Repreendo o Tomás, sentado na cadeira à minha frente, ele bate com a caneta no documento em sua mão. Sinto seu olhar sobre mim, para disfarçar busco uma planilha no computador.

- Poder pode, mas depois não me culpe se algum número estiver fora do lugar.

- Repita os dois últimos, vou avaliar e pedir uma reunião com os clientes.

- Sua mãe é ótima nisso, em conquistar novos clientes. O que aconteceu, ela não quer mais participar?

- Ela não gostou por eu dar abrigo a Brenda.

Ele volta sua atenção ao relatório e eu tento prestar atenção no que ele fala, não mais olhar a porta e não mexer os pés sob a mesa. Eu sei que Isa já passou pela minha sala no período da tarde, o cesto de lixo vazio e o banheiro perfumado denuncia seu trabalho bem feito. Mais de vinte e quatro horas que eu a vi e não consigo acreditar que era ela.

- Qual será a estratégia para ganharmos essa conta?

- Você reúna todos esses dados, informe o setor de vendas e o diretor de marketing para uma reunião amanhã a tarde. Mais alguma coisa?

- Não, senhor diretor, nós terminamos por hoje - ele levanta e arruma seus papéis. - Vou pegar um livro seu emprestado.

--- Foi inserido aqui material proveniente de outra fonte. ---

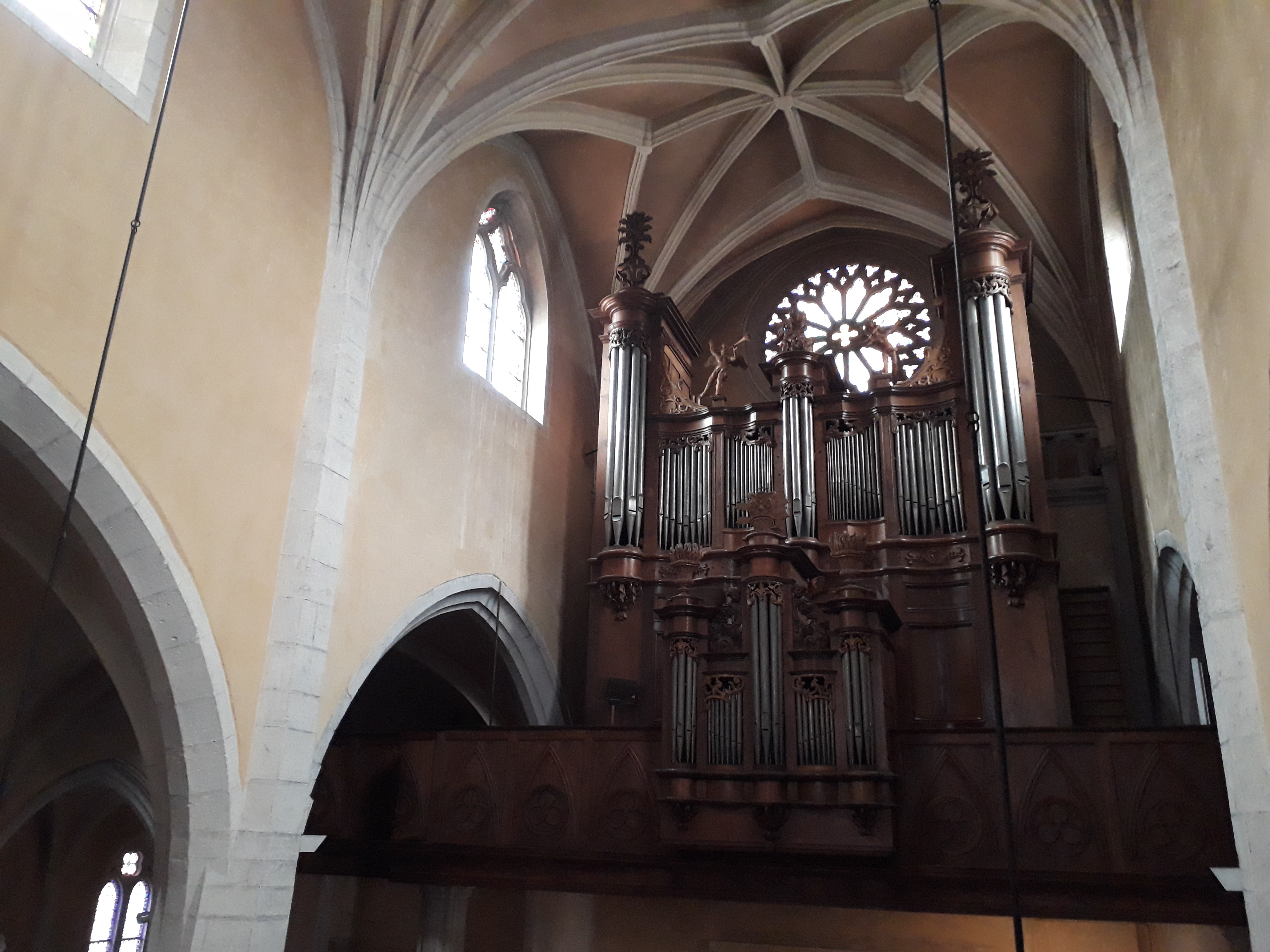 Organ of the basilica Notre-Dame of Gray, Haute-Saône, France.
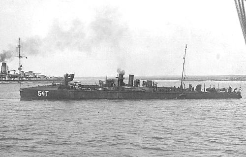 Austro-hungarian torpedo boat Tb54T (former "Wal); Kaiman class.
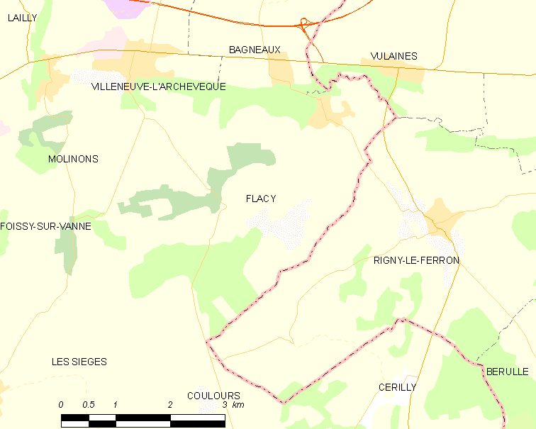 Map of French municipality Flacy
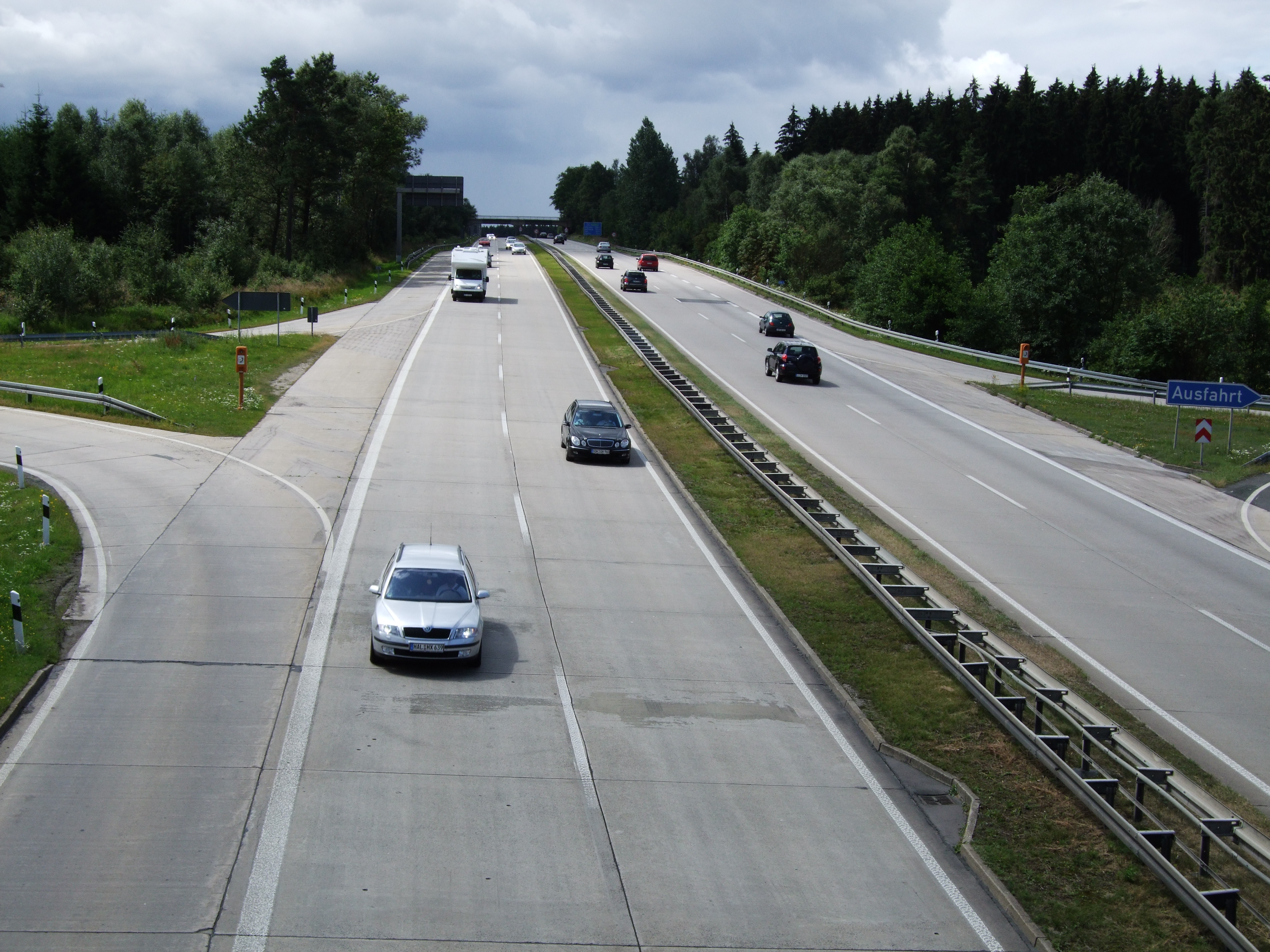 The A9 through southern Thuringia
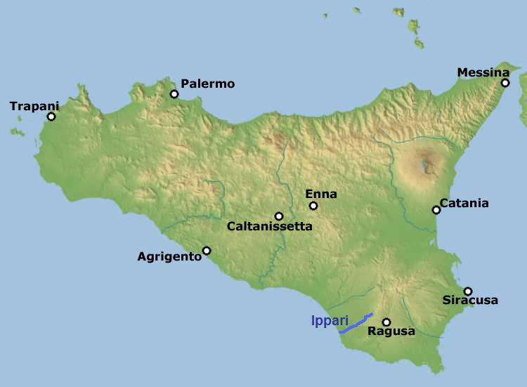 Mapof river Ippari in Sicily
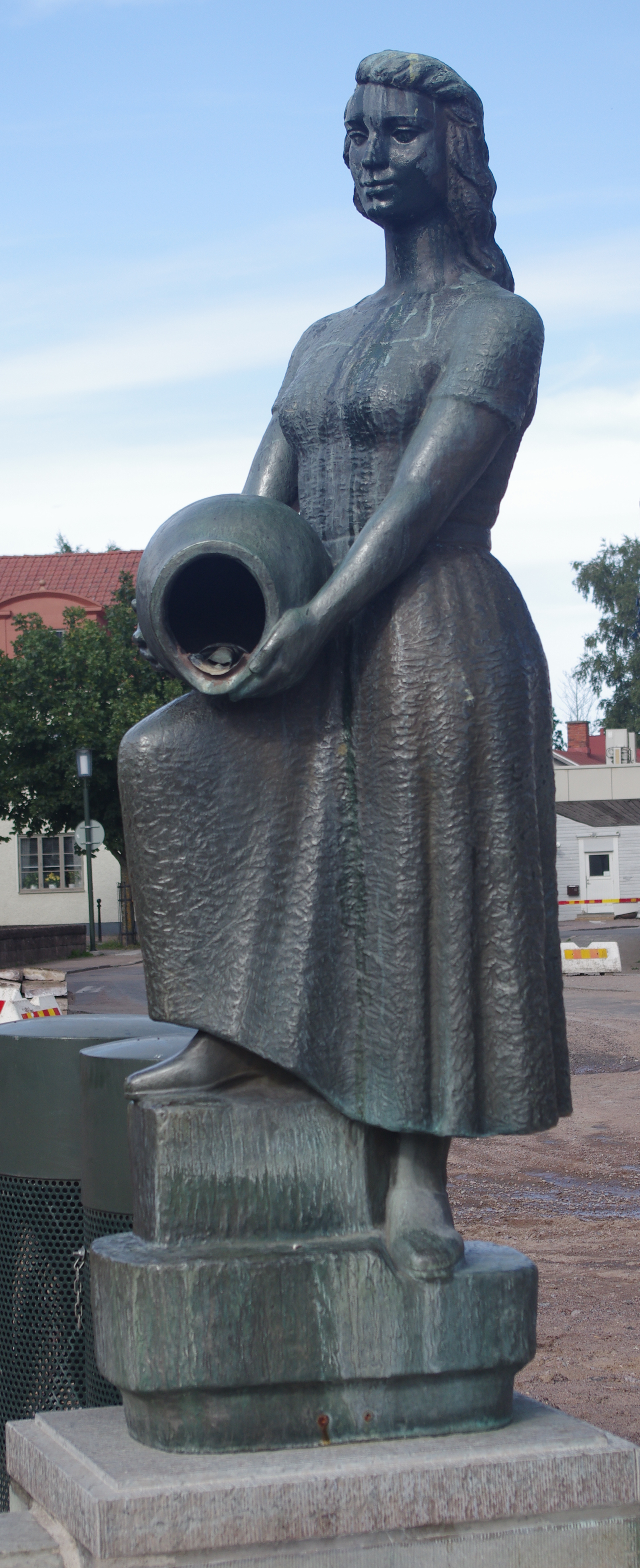 Kvinnan vid brunnen (swedish:The woman by the well) from 1963 by David Wretling placed on Stora torget (Grand Square) in Hjo in Västergötland, Västra Götaland county, Sweden. The statue is placed where once a well with water from near by Hökensås was located.

Também levanto para alongar o corpo, fim de tarde, me aproximo da janela e vislumbro o céu refletido na fachada do shopping.

- Sairei mais cedo - ele fala, volto para a cadeira. - Hoje tenho compromisso com a noiva.

- Vai fazer alguma especialização? - pergunto apontando para o livro.

- Não, vou emprestar a Heloísa...

- Por que vai emprestar meu livro a faxineira, ficou maluco? - tomo o livro de sua mão. - Essa gente vai danificar.

- Obrigado por me lembrar de quem é filho!

Com rapidez pega sua pasta e antes que alcance a porta eu o interrogo.

- Por que ajudar uma desconhecida?

Ele apenas dar meia volta no corpo.

- Sou negro, sei o que passei na universidade por ser diferente - ele fecha o punho e dar um golpe na pasta. - Ela não é negra. - ele antecipa minha observação. -, mas é pobre, um agravante para pessoas sem empatia. Não, você não sabe o que é isso!

- Pegue antes que comece com seu discurso de bom samaritano. - Estendo o livro para ele.

Com um meio sorriso ele anda, pega o livro, porém o devolve à estante.

- Vou dar um jeito de continuar ajudando a garota, até amanhã, senhor, Borges de Mello.

- Não precisa ficar magoado.

Ele bate a porta, me deixando sem resposta, esqueci que ele passou por situações de preconceitos, embora sendo de uma família de classe média, não impediu de ser ofendido por causa da sua cor.

- Você está enganado, eu sei o que é sofrer por ser diferente. - respondo, para diminuir minha grosseria.

Permaneço olhando a porta fechada, ainda não me recuperei de encontrar Heloísa no meu escritório, vestida com uniforme da equipe de limpeza e o fato dela ficar um mês responsável para mantê-lo limpo. Sento e giro a cadeira para a estante atrás da minha mesa, duas prateleiras repleta de livros especializados em administração.